Start of Dataset content

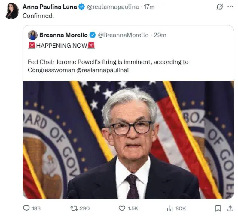 金曜日か土曜日に、アンナ・パウエル氏が解任されるというニュースを報じた。私はデタラメだと思った。彼女は何も分かっていないし、「アメリカを再び偉大に」とばかりに騒いでいるだけだ。しかし、どうやらトランプ氏は下院議員たちに、法案を出してパウエル氏を解任すべきかどうか尋ね回ったようだ。もちろん全員が賛成した。下院にはまともな共和党議員はもういない。
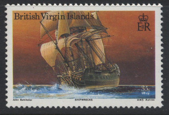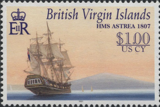 H.M.S. Astraea (Astrea in the stamp design). 5th rate, 32 guns, 703 tons (b.m.). Dimensions 126 ft. x 36 ft. built by Fabian, East Cowes, in 1781. She was wrecked on March 24, 1808, off Anegada, in bad visibility, when she struck a reef Four men were lost. The wreck still exists.
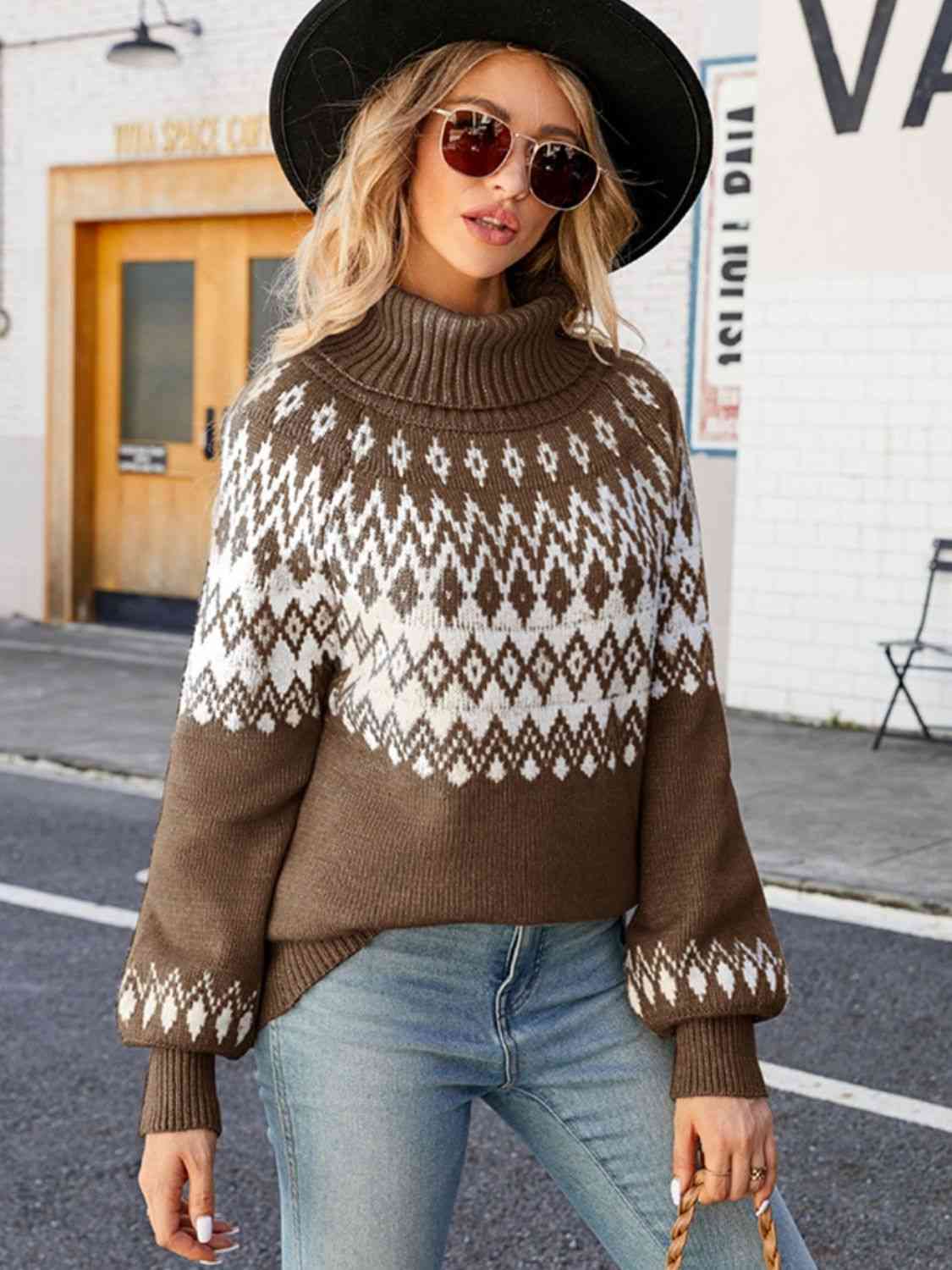 Turtleneck Lantern Sleeve Sweater
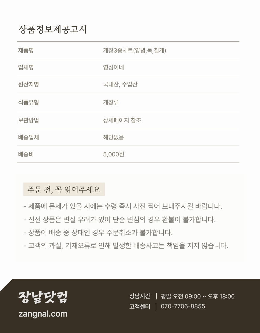 게장 3종세트(양념게장 700g +,독게장 700g + ,칠게장 700g) - 장날닷컴, 전라남도 로컬푸드 온라인 직매장
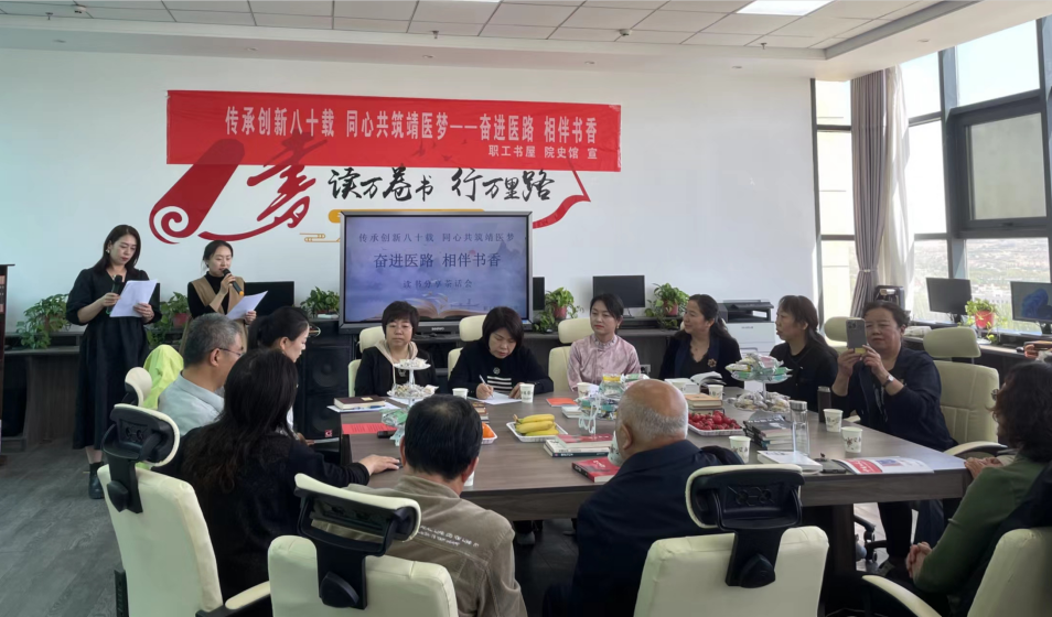 砥路八十,医谱华章。2024年,我们迎来了建院80周年华诞。一路走来,离不开一代代靖医人的博术和精业。习近平总书记曾经说过:“历史是最好的教科书”“历史是一面镜子”。为引领靖医人重温医院历史,厚植爱院情怀,传承靖医精神,同时在广大职工中营造读书氛围、激发学习热情、以书润心、以文会友,传承终身阅读的学习精神。我院职工书屋联合院史馆在4月23日“世界读书日”这一天,共同举办了建院八十周年系列活动“传承创新八十载 同心共筑靖医梦——奋进医路,相伴书香”读书分享茶话会活动,石建利、蒋昆主持。
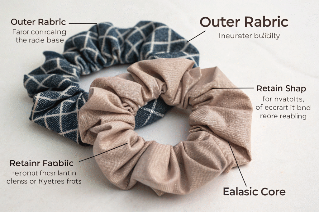 The elastic core represents the most critical component for scrunchie shape retention, as it determines the product's ability to return to its original form after stretching. Different elastic types offer varying levels of durability and recovery.
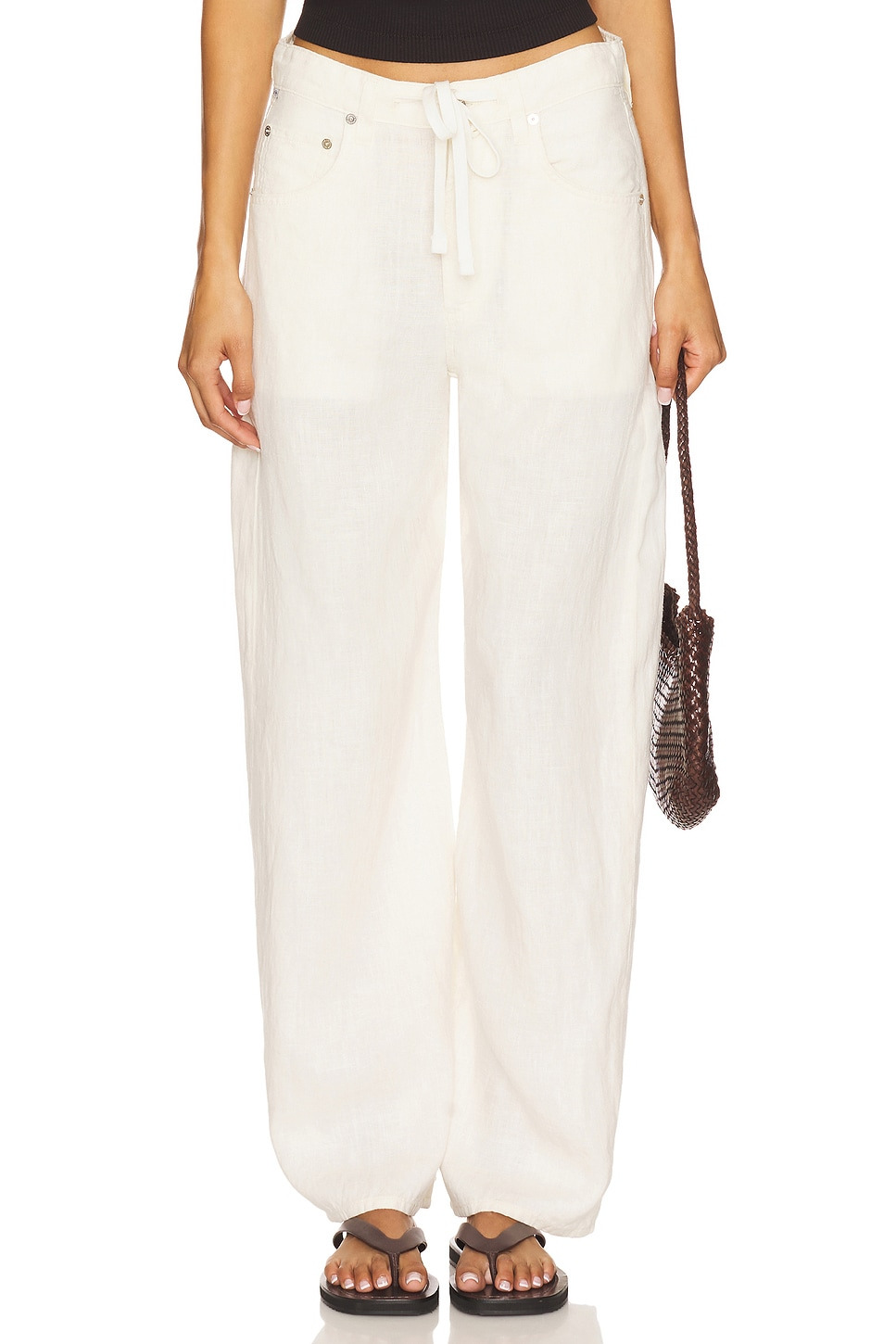 Brynn Drawstring Linen Trouser In Vanilla
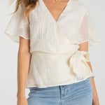 Short Sleeve Wrap Front Woven Top w/Tie (Liverpool)

End of Dataset content

### Problem requirements
From the first line to the last, return the material above exactly, apart from the pictures.

### Reply to the exercise
 金曜日か土曜日に、アンナ・パウエル氏が解任されるというニュースを報じた。私はデタラメだと思った。彼女は何も分かっていないし、「アメリカを再び偉大に」とばかりに騒いでいるだけだ。しかし、どうやらトランプ氏は下院議員たちに、法案を出してパウエル氏を解任すべきかどうか尋ね回ったようだ。もちろん全員が賛成した。下院にはまともな共和党議員はもういない。
 H.M.S. Astraea (Astrea in the stamp design). 5th rate, 32 guns, 703 tons (b.m.). Dimensions 126 ft. x 36 ft. built by Fabian, East Cowes, in 1781. She was wrecked on March 24, 1808, off Anegada, in bad visibility, when she struck a reef Four men were lost. The wreck still exists.
 Turtleneck Lantern Sleeve Sweater
 게장 3종세트(양념게장 700g +,독게장 700g + ,칠게장 700g) - 장날닷컴, 전라남도 로컬푸드 온라인 직매장
 砥路八十,医谱华章。2024年,我们迎来了建院80周年华诞。一路走来,离不开一代代靖医人的博术和精业。习近平总书记曾经说过:“历史是最好的教科书”“历史是一面镜子”。为引领靖医人重温医院历史,厚植爱院情怀,传承靖医精神,同时在广大职工中营造读书氛围、激发学习热情、以书润心、以文会友,传承终身阅读的学习精神。我院职工书屋联合院史馆在4月23日“世界读书日”这一天,共同举办了建院八十周年系列活动“传承创新八十载 同心共筑靖医梦——奋进医路,相伴书香”读书分享茶话会活动,石建利、蒋昆主持。
 The elastic core represents the most critical component for scrunchie shape retention, as it determines the product's ability to return to its original form after stretching. Different elastic types offer varying levels of durability and recovery.
 Brynn Drawstring Linen Trouser In Vanilla
 Short Sleeve Wrap Front Woven Top w/Tie (Liverpool)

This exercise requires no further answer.